Record excerpts
■ ■ ■ ■ ■ ■ ■

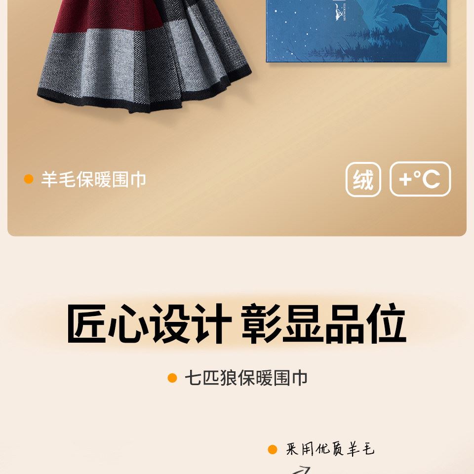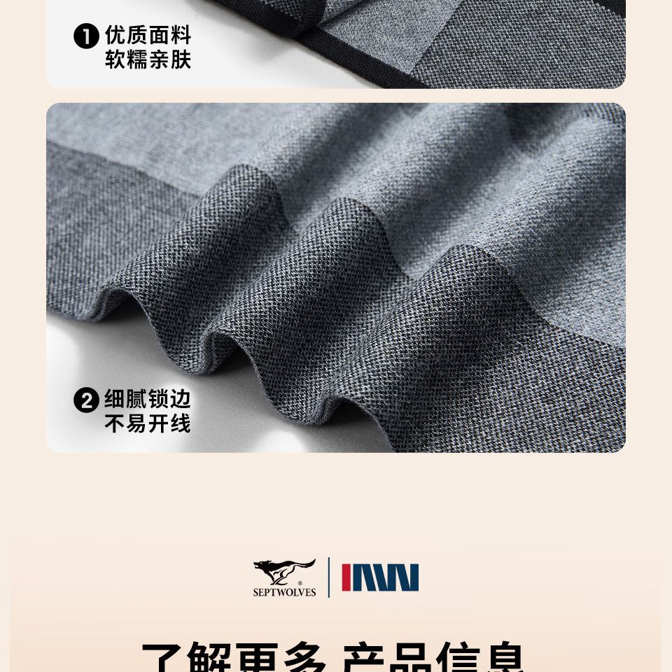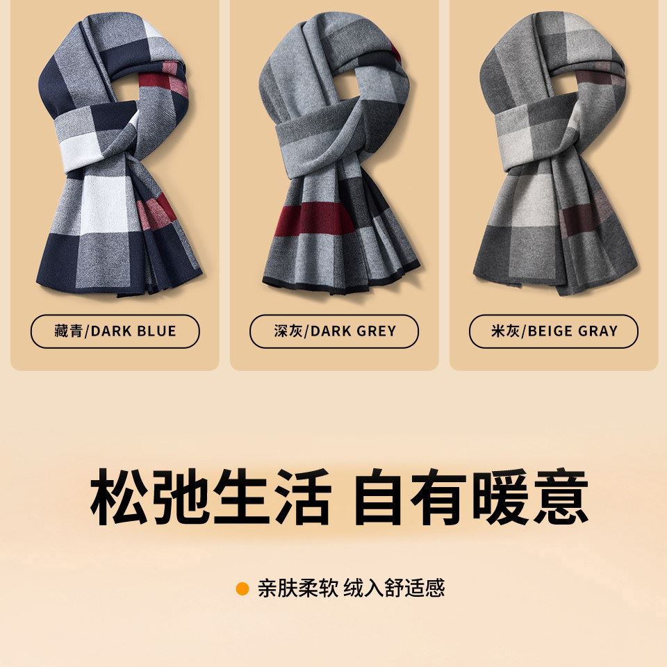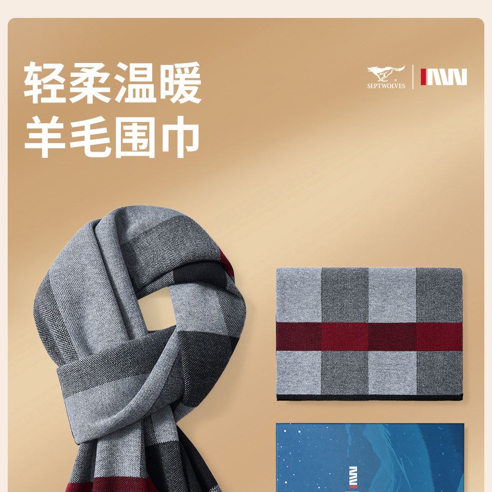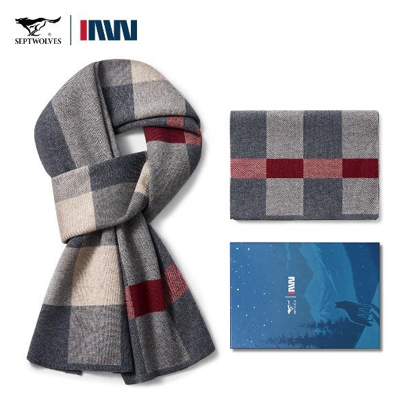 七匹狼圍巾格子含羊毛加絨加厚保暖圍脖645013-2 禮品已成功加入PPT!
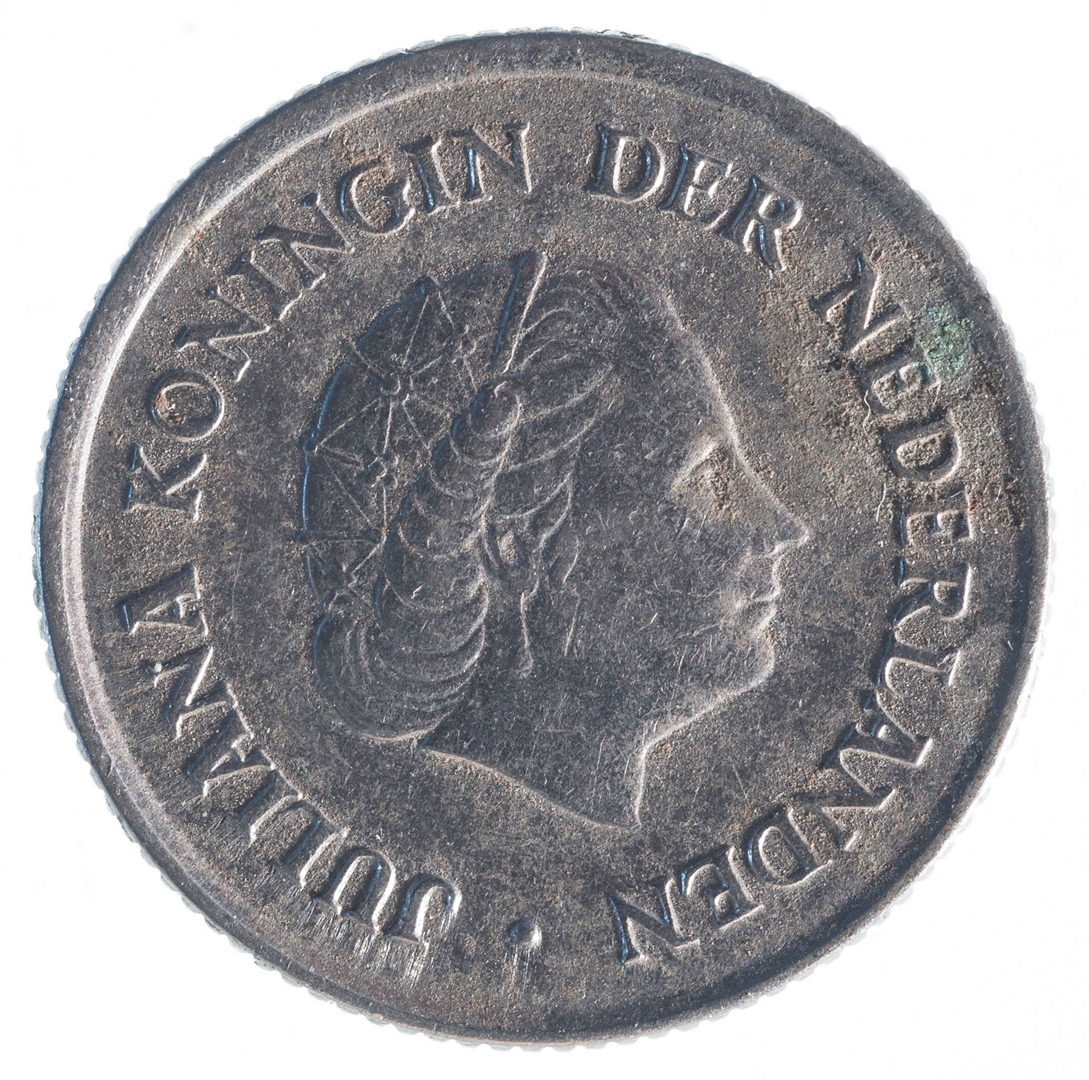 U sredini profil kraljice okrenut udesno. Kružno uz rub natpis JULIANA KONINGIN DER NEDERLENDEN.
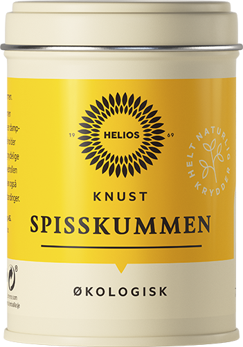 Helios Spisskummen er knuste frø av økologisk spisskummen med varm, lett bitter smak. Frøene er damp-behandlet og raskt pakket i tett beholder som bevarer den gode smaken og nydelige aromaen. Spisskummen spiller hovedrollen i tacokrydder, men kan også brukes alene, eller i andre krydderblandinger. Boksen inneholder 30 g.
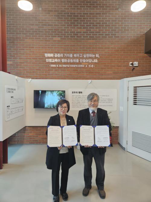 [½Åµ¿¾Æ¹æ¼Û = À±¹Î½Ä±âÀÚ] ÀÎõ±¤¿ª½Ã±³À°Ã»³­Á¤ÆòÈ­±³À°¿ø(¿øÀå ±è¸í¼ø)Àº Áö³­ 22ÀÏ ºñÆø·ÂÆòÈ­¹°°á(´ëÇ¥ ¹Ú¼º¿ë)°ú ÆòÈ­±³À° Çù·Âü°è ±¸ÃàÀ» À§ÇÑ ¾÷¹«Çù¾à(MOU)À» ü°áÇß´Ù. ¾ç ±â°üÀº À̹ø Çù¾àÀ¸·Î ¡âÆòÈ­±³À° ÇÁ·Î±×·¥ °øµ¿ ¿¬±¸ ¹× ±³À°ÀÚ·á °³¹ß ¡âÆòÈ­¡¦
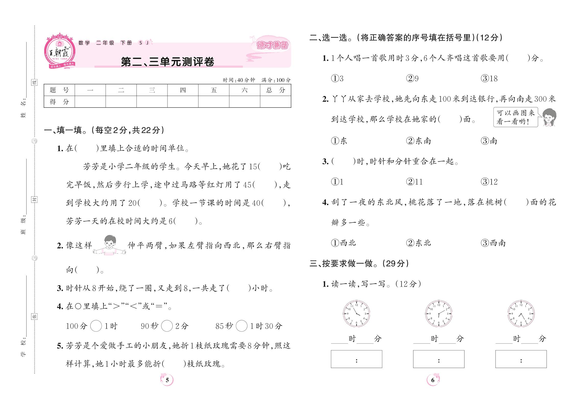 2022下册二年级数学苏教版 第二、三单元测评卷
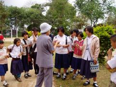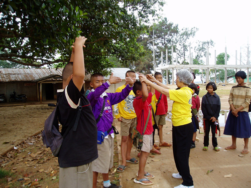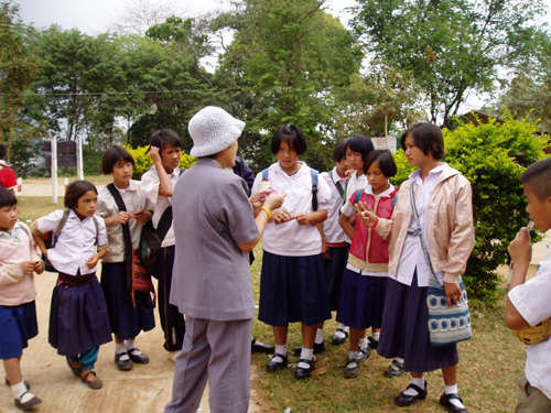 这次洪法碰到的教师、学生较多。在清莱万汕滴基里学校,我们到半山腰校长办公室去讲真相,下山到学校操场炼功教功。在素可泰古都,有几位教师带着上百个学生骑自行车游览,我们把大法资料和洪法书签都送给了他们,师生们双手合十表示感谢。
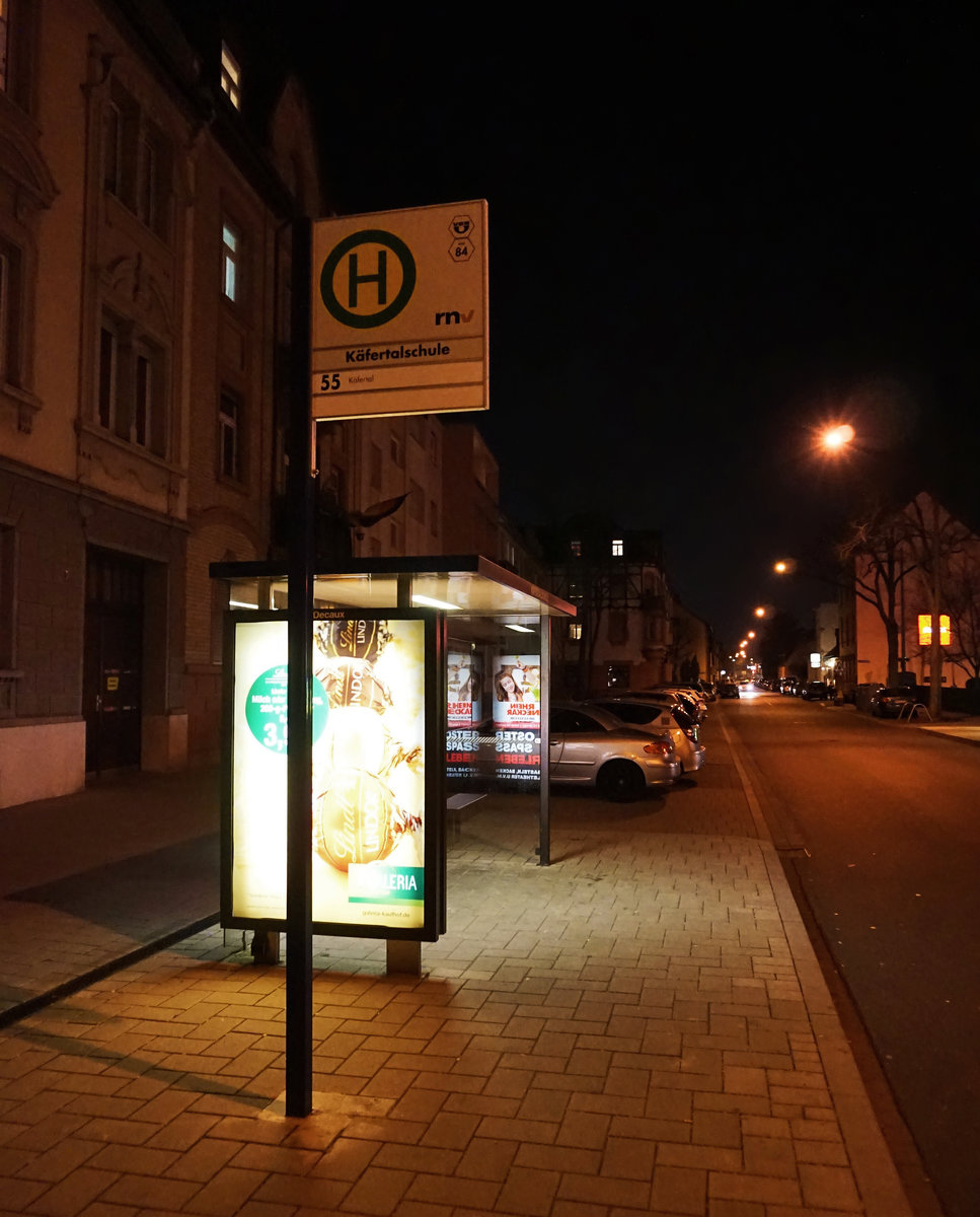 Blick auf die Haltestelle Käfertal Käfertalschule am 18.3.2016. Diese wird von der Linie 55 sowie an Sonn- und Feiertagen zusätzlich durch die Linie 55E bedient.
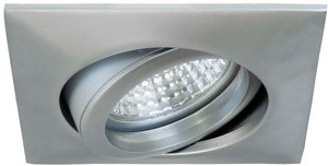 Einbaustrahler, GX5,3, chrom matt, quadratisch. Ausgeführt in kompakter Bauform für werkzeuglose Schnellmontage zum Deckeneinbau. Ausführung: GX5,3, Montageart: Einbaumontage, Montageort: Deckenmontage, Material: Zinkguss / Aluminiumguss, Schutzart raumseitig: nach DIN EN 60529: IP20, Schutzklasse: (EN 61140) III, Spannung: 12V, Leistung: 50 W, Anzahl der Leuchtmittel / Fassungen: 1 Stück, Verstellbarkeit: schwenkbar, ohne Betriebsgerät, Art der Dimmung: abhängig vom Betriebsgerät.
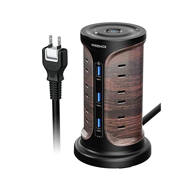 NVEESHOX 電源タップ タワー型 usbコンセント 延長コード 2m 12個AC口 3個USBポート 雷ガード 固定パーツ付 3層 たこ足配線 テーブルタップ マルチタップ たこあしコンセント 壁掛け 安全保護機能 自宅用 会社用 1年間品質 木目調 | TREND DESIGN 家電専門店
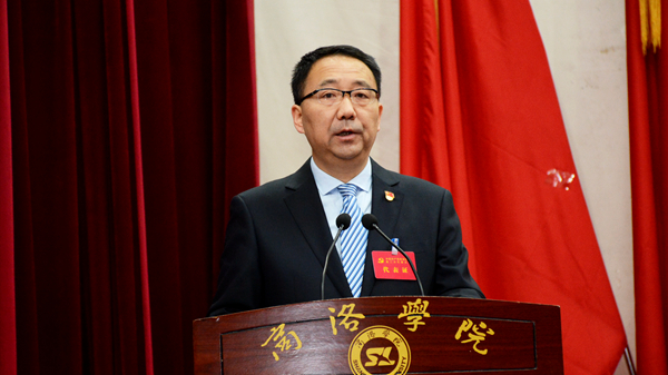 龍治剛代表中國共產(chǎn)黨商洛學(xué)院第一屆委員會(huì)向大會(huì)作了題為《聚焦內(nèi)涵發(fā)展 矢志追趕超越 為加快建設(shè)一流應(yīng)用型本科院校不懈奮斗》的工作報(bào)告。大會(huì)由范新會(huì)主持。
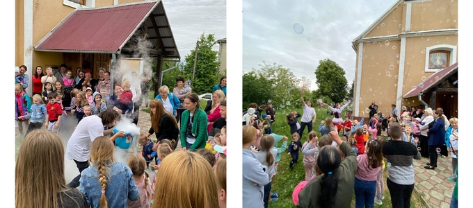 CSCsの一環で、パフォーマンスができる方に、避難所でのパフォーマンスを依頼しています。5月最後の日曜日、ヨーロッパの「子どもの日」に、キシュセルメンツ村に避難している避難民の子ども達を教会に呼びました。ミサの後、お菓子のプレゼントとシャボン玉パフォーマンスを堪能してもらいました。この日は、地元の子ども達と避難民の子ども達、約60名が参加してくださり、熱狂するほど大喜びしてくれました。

■ ■ ■ ■ ■ ■ ■

Problem description
Print once more, exactly, the lines that start at the top of the records above and end at the line with "2022下册二年级数学苏教版 第二、三单元测评卷", skipping all pictures.

Response area
 七匹狼圍巾格子含羊毛加絨加厚保暖圍脖645013-2 禮品已成功加入PPT!
 U sredini profil kraljice okrenut udesno. Kružno uz rub natpis JULIANA KONINGIN DER NEDERLENDEN.
 Helios Spisskummen er knuste frø av økologisk spisskummen med varm, lett bitter smak. Frøene er damp-behandlet og raskt pakket i tett beholder som bevarer den gode smaken og nydelige aromaen. Spisskummen spiller hovedrollen i tacokrydder, men kan også brukes alene, eller i andre krydderblandinger. Boksen inneholder 30 g.
 [½Åµ¿¾Æ¹æ¼Û = À±¹Î½Ä±âÀÚ] ÀÎõ±¤¿ª½Ã±³À°Ã»³­Á¤ÆòÈ­±³À°¿ø(¿øÀå ±è¸í¼ø)Àº Áö³­ 22ÀÏ ºñÆø·ÂÆòÈ­¹°°á(´ëÇ¥ ¹Ú¼º¿ë)°ú ÆòÈ­±³À° Çù·Âü°è ±¸ÃàÀ» À§ÇÑ ¾÷¹«Çù¾à(MOU)À» ü°áÇß´Ù. ¾ç ±â°üÀº À̹ø Çù¾àÀ¸·Î ¡âÆòÈ­±³À° ÇÁ·Î±×·¥ °øµ¿ ¿¬±¸ ¹× ±³À°ÀÚ·á °³¹ß ¡âÆòÈ­¡¦
 2022下册二年级数学苏教版 第二、三单元测评卷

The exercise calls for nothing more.